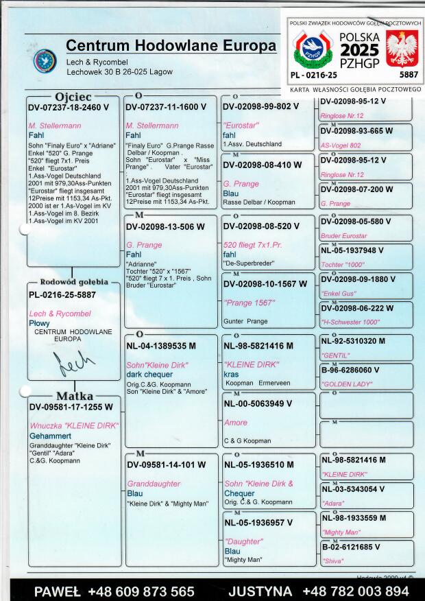 Więcej informacji o pochodzeniu gołębia w rodowodzie lub pod numerem telefonu :
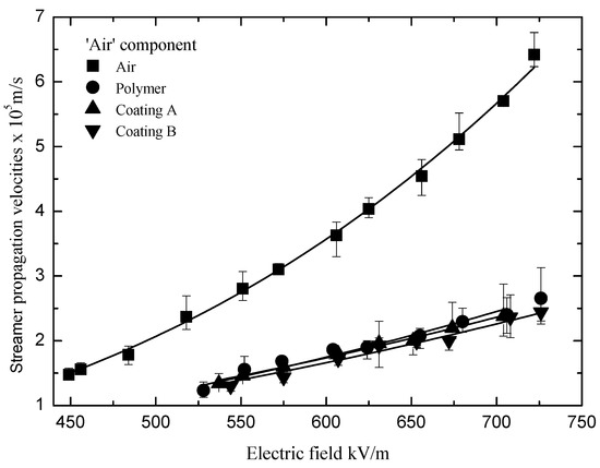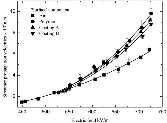 In Figure 8 and Figure 9, it can be seen that the velocities of the ‘surface’ components of the streamers were higher than those in the air alone, and they increased with the applied electric field significantly. In contrast, the velocities of the ‘air’ components of the streamers were lower than those in the air alone, and they increased with the applied electric field slowly. It can be explained that the electric field in the head of the ‘air’ component of a streamer is suppressed by the charge in the head of the ‘surface’ component. Furthermore, it can be seen that the velocities of the ‘surface’ components of the streamer decreased after the silicone rubber coating was applied to the polymer. In addition, the velocities of the ‘surface’ components of the streamers propagating along the different silicone rubber coatings were also different. However, the differences between the velocities of the ‘air’ components of the streamers propagating along the different insulation surfaces were relatively small.
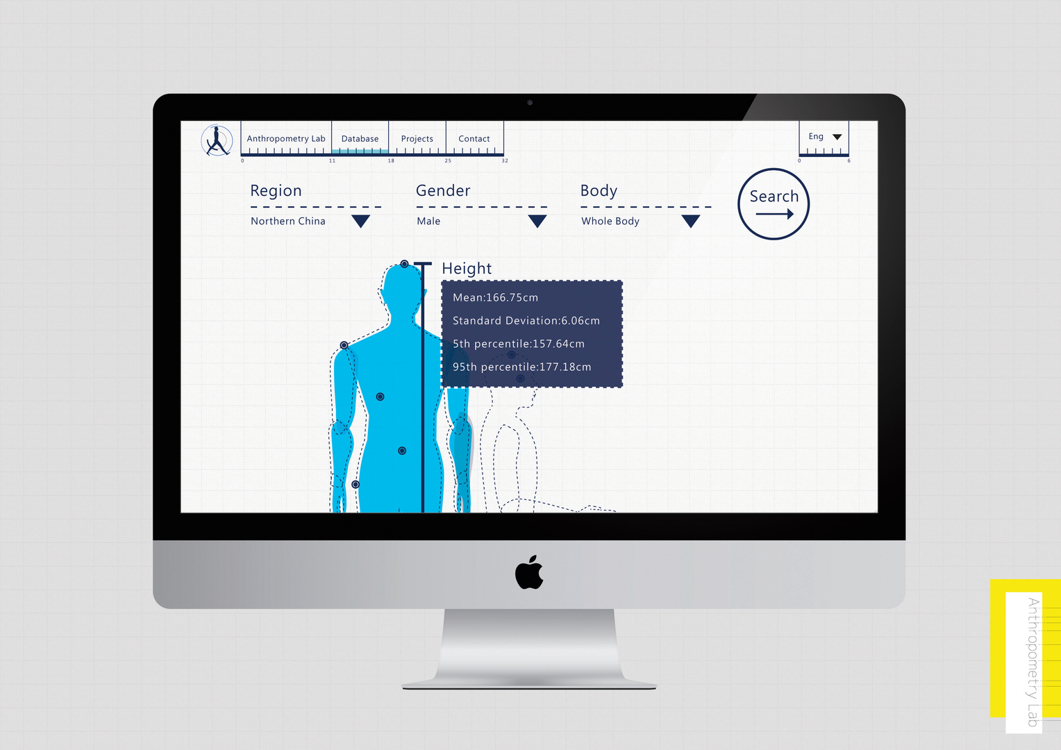 The website Anthropometry Lab by Foxconn Information Ergonomics Center in Taipei includes a database of human measurements as well as research projects about how to use the data for industrial design optimisation. Instead of displaying the database via table and text – like other conventional anthropometry platforms – a search interface with images and lines was developed in order to interact with the user in a different way. The most important information is conveyed along with sketched illustrations, keeping the website plain and simple.
- - - -
Required work |
Your answer must be the exact lines from the start of the data through the line with "In Figure 8", inclusive, and nothing else; pictures do not belong in it.

Task output |
 Więcej informacji o pochodzeniu gołębia w rodowodzie lub pod numerem telefonu :
 In Figure 8 and Figure 9, it can be seen that the velocities of the ‘surface’ components of the streamers were higher than those in the air alone, and they increased with the applied electric field significantly. In contrast, the velocities of the ‘air’ components of the streamers were lower than those in the air alone, and they increased with the applied electric field slowly. It can be explained that the electric field in the head of the ‘air’ component of a streamer is suppressed by the charge in the head of the ‘surface’ component. Furthermore, it can be seen that the velocities of the ‘surface’ components of the streamer decreased after the silicone rubber coating was applied to the polymer. In addition, the velocities of the ‘surface’ components of the streamers propagating along the different silicone rubber coatings were also different. However, the differences between the velocities of the ‘air’ components of the streamers propagating along the different insulation surfaces were relatively small.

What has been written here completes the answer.